Обсуждение: subquery/alias question
Hi all,
I've read 7.2.1.3 (as short as it is) in the PgSQL docs, but don't
see what I am doing wrong... Maybe you can help?
I've got a query;
SELECT
d.dom_id,
d.dom_name,
(SELECT COUNT(*) FROM users u WHERE u.usr_dom_id=d.dom_id)
AS
usr_count
FROM
domains d
ORDER BY d.dom_name ASC;
Where 'usr_count' returns the number of entries in 'users' that point
to a given entry in 'domains'. Pretty straight forward so far. The
trouble is:
SELECT
d.dom_id,
d.dom_name,
(SELECT COUNT(*) FROM users u WHERE u.usr_dom_id=d.dom_id)
AS
usr_count
FROM
domains d
WHERE
usr_count > 0
ORDER BY d.dom_name ASC;
Causes the error:
ERROR: column "usr_count" does not exist
It works if I use:
SELECT
d.dom_id,
d.dom_name,
(SELECT COUNT(*) FROM users u WHERE u.usr_dom_id=d.dom_id)
AS
usr_count
FROM
domains d
WHERE
(SELECT COUNT(*) FROM users u WHERE u.usr_dom_id=d.dom_id) > 0
ORDER BY d.dom_name ASC;
This seems terribly inefficient (and ugly), and I can't see why the
results from 'usr_count' can't be counted... I can use 'usr_count' to
sort the results...
Thanks all!
Madi
On Sep 25, 2007, at 16:59 , Madison Kelly wrote:
> SELECT
> d.dom_id,
> d.dom_name,
> (SELECT COUNT(*) FROM users u WHERE u.usr_dom_id=d.dom_id)
> AS
> usr_count
> FROM
> domains d
> WHERE
> (SELECT COUNT(*) FROM users u WHERE u.usr_dom_id=d.dom_id) > 0
> ORDER BY d.dom_name ASC;
Why not just use a join? Something like this would work, I should think:
select dom_id,
dom_name,
usr_count
from domains
natural join (select usr_dom_id as dom_id,
count(usr_dom_id) as usr_count
from users) u
where usr_count > 0
order by dom_name;
Michael Glaesemann
grzm seespotcode net
Michael Glaesemann wrote: > > On Sep 25, 2007, at 16:59 , Madison Kelly wrote: > >> SELECT >> d.dom_id, >> d.dom_name, >> (SELECT COUNT(*) FROM users u WHERE u.usr_dom_id=d.dom_id) >> AS >> usr_count >> FROM >> domains d >> WHERE >> (SELECT COUNT(*) FROM users u WHERE u.usr_dom_id=d.dom_id) > 0 >> ORDER BY d.dom_name ASC; > > Why not just use a join? Something like this would work, I should think: > > select dom_id, > dom_name, > usr_count > from domains > natural join (select usr_dom_id as dom_id, > count(usr_dom_id) as usr_count > from users) u > where usr_count > 0 > order by dom_name; Maybe the usr_count should be tested in a HAVING clause instead of WHERE? And put the count(*) in the result list instead of a subselect.
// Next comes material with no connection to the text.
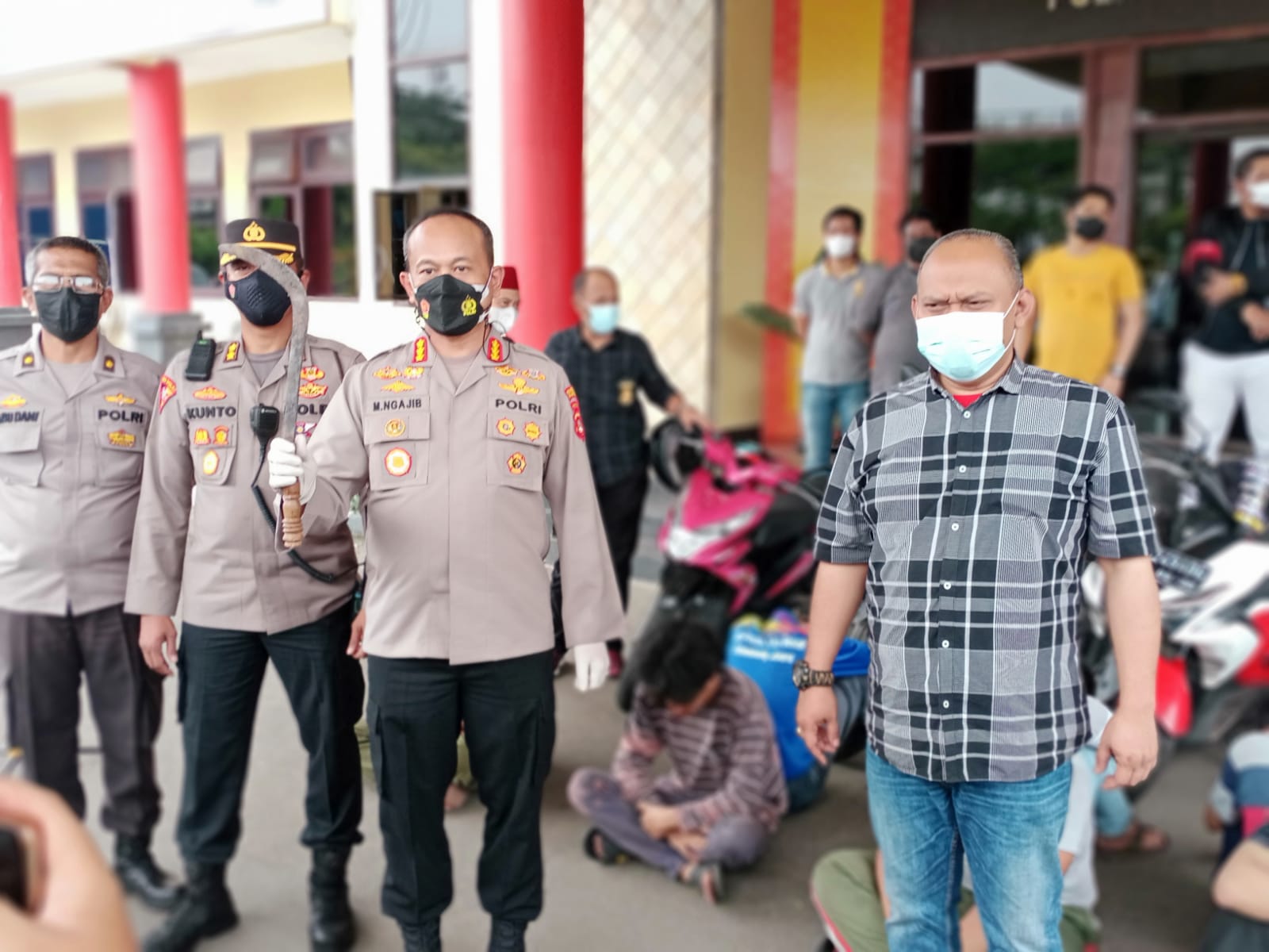 “Pada hari Minggu (6/2) malam ada kejadian dimana ada korban di bacok menggunakan celurit dan terluka ditangannya, setelah kita melakukan penyelidikan ternyata ada sekelompok remaja yang bergerombol yang melakukan kegiatan meresahkan masyarakat, lalu kita tangkap ada sembilan orang, dan salah satunya pelaku yang membacok menggunakan celurit untuk melukai korban,” jelas Kombes Pol Mokhamad Ngajib, saat diwawacara awak media, Kamis (10/2/2022) sore.

That feels more natural to me anyway. -- Alvaro Herrera http://www.CommandPrompt.com/ The PostgreSQL Company - Command Prompt, Inc.
On Sep 25, 2007, at 17:30 , Alvaro Herrera wrote: > Michael Glaesemann wrote: >> >> select dom_id, >> dom_name, >> usr_count >> from domains >> natural join (select usr_dom_id as dom_id, >> count(usr_dom_id) as usr_count >> from users) u >> where usr_count > 0 >> order by dom_name; > > Maybe the usr_count should be tested in a HAVING clause instead of > WHERE? And put the count(*) in the result list instead of a > subselect. > That feels more natural to me anyway. I believe you'd have to write it like select dom_id, dom_name, count(usr_dom_id) as usr_count from domains join users on (usr_dom_id = dom_id) having count(usr_dom_id) > 0 order by dom_name; I don't know how the performance would compare. I think the backend is smart enough to know it doesn't need to perform two seq scans to calculate count(usr_dom_id), but I wasn't sure. Madison, how do the two queries compare with explain analyze? Michael Glaesemann grzm seespotcode net
Michael Glaesemann <grzm@seespotcode.net> writes:
> I believe you'd have to write it like
> select dom_id, dom_name, count(usr_dom_id) as usr_count
> from domains
> join users on (usr_dom_id = dom_id)
> having count(usr_dom_id) > 0
> order by dom_name;
> I don't know how the performance would compare. I think the backend
> is smart enough to know it doesn't need to perform two seq scans to
> calculate count(usr_dom_id), but I wasn't sure.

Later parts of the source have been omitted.